EXERCISE AIM = All the entries need to be quoted exactly, apart from the pictures, which you should drop.
##############################
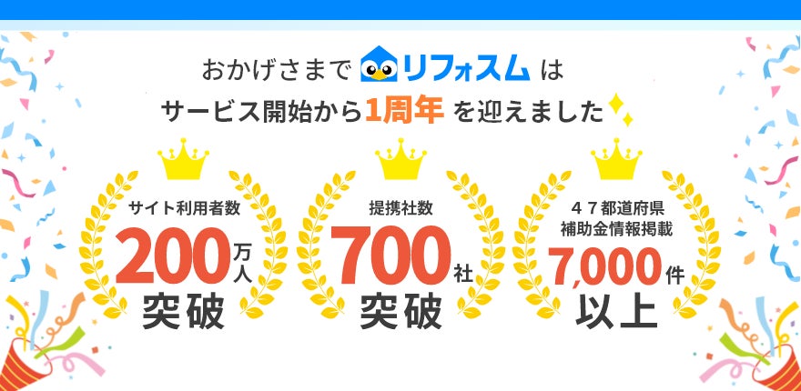株式会社Speee(本社:東京都港区、代表取締役:大塚英樹、東証スタンダード市場:4499、以下「Speee」)の提供する「リフォスム」が、正式サービス提供開始から1年となりました。この1年でのべ200万人の方にご利用いただき、700社のリフォーム会社様にご参画いただいております。
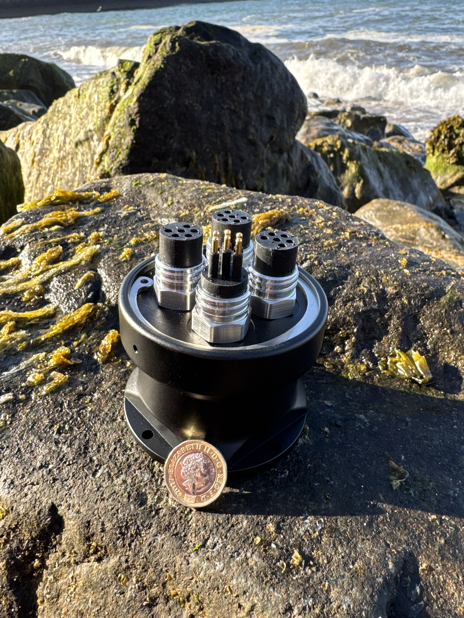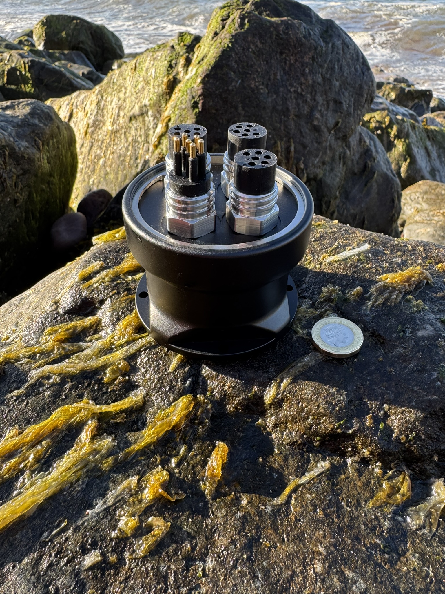 The SeaTRiO TRiONode -S Underwater Ethernet Switch is a compact and reliable solution designed to expand Ethernet connectivity on ROVs and underwater installations. Featuring one input and three outputs, this switch allows users to seamlessly extend their network capabilities, enabling multiple devices to connect and communicate efficiently. With 10/100 Mbps capability, it ensures stable and high-speed data transmission for various underwater applications. Built for versatility, the unit is available in different depth ratings to accommodate a wide range of operational needs. Its rugged, compact design ensures easy integration into existing systems while maintaining optimal performance in demanding marine environments.
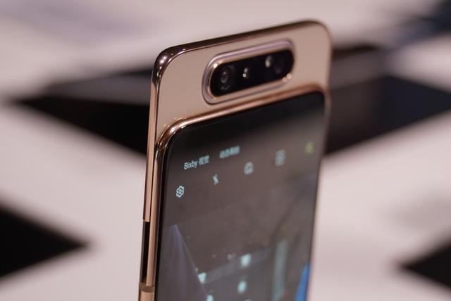 而与其他A系列机型所不同的是,这款三星Galaxy A80的主摄为一颗4800万的镜头,在需要前置摄像头的时候,这枚后置摄像头模块能够进行升起翻转的动作来变成前置摄像头。
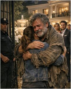 Anthony tried to hold the disguise for one more second because pride was a habit he’d worn longer than wealth. But Lucy’s arms wrapped around him, tight and unafraid, and the months of pretending collapsed inside his chest like a building finally giving up. His throat burned; his vision blurred. He hadn’t cried in decades, not since he’d been a young man sleeping in a borrowed room, telling himself tears were a luxury for people with safety nets. Lucy didn’t care who was watching. She didn’t care that he smelled like the streets and old fabric. She clung to him the way a person clings to the last reliable thing in a world that keeps shifting. “I’ve been looking for you,” she said, voice breaking, and the sincerity of it punched through the air. Around them, the fountain strings went quiet, the chatter dissolved, and people began to understand what had just happened. This wasn’t security removing a stranger. This was a family rejecting their own blood in front of cameras and orchids and a sky full of stars that didn’t care.
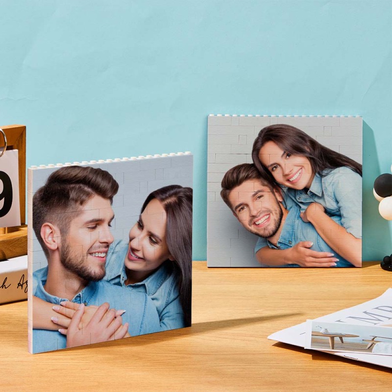 Personalized Building Brick Square Photo Block Music Code Custom Text Frame
##############################
ANSWER BOX =
株式会社Speee(本社:東京都港区、代表取締役:大塚英樹、東証スタンダード市場:4499、以下「Speee」)の提供する「リフォスム」が、正式サービス提供開始から1年となりました。この1年でのべ200万人の方にご利用いただき、700社のリフォーム会社様にご参画いただいております。
 The SeaTRiO TRiONode -S Underwater Ethernet Switch is a compact and reliable solution designed to expand Ethernet connectivity on ROVs and underwater installations. Featuring one input and three outputs, this switch allows users to seamlessly extend their network capabilities, enabling multiple devices to connect and communicate efficiently. With 10/100 Mbps capability, it ensures stable and high-speed data transmission for various underwater applications. Built for versatility, the unit is available in different depth ratings to accommodate a wide range of operational needs. Its rugged, compact design ensures easy integration into existing systems while maintaining optimal performance in demanding marine environments.
 而与其他A系列机型所不同的是,这款三星Galaxy A80的主摄为一颗4800万的镜头,在需要前置摄像头的时候,这枚后置摄像头模块能够进行升起翻转的动作来变成前置摄像头。
 Anthony tried to hold the disguise for one more second because pride was a habit he’d worn longer than wealth. But Lucy’s arms wrapped around him, tight and unafraid, and the months of pretending collapsed inside his chest like a building finally giving up. His throat burned; his vision blurred. He hadn’t cried in decades, not since he’d been a young man sleeping in a borrowed room, telling himself tears were a luxury for people with safety nets. Lucy didn’t care who was watching. She didn’t care that he smelled like the streets and old fabric. She clung to him the way a person clings to the last reliable thing in a world that keeps shifting. “I’ve been looking for you,” she said, voice breaking, and the sincerity of it punched through the air. Around them, the fountain strings went quiet, the chatter dissolved, and people began to understand what had just happened. This wasn’t security removing a stranger. This was a family rejecting their own blood in front of cameras and orchids and a sky full of stars that didn’t care.
 Personalized Building Brick Square Photo Block Music Code Custom Text Frame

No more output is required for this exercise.